When you lose, don’t stress about everything. If you worry about why every move is not 9 Dan Pro moves you will never improve. Find 1 part of the game’s story that you felt you could have done better on. Take 1 note about it and reflect, and move on. 5 minutes is plenty for a rated game review.

Also, when you find those “that was so stupid!” moves, piece of advice, if you didn’t play those you would be Dan level. Then the stupid moves are just higher level. What we call stupid moves are just moves that are below our level, or below our current knowledge. This doesn’t mean we don’t know it, it means we have to catch it during the 200+ moves when it pops up. Getting to 9k is about playing DDK moves 80% of the time. Getting to Dan is about playing SDK moves 100% of the time. 3k is probably 80-90% SDK moves. You are going to have DDK moves in your game. That’s why we practice and sharpen our game. If you can play a 7 kyu move every move of your game, you are almost, if not Dan level.

Play is practicing and testing our knowledge. Review is to review and reinforce our knowledge. Study is to learn new knowledge. The majority of improvement comes from the first two. I think learning new things is less than 10% of what you need to improve.

Go problems are a great way to practice fighting skills. The amount of 2 kyu players that miss a net or a 3rd line cutting points is greater than the number of stars in the… wrong quote… but the point still stands.

Drill your DDK problems. Hundreds and thousands of DDK problems make a Dan level fighter. Nets, ladders, bulky five, bamboo joints, one point jumps, connect your blasted cutting points, ect…

Insert my self promotion here: https://www.tsumegodragon.com

Another great source is 101weiqi, a Chinese Go problem site.

Tsumego Hero is a good one, but it is not my favorite.

Tsumego Pro on the phone is a good one. But it only has L&D problems practically.

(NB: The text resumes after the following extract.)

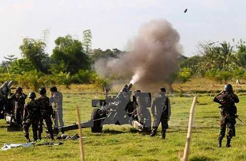 | Quân đội Philippines thuộc Sư đoàn bộ binh số 6 nã pháo trong chiến dịch truy quét quân nổi dậy |

Baduk Pop is a good app, has good problems, but I prefer 101weiqi in terms of organization.

OGS has some good problem sets, but you have to dig.

My basic approach for strategy can be found here. Clossi Approach

I can’t really think of much else without just analyzing your games one by one. I also don’t know the character limit on reddit so…I think I will wrap it up here.

Hope this helps!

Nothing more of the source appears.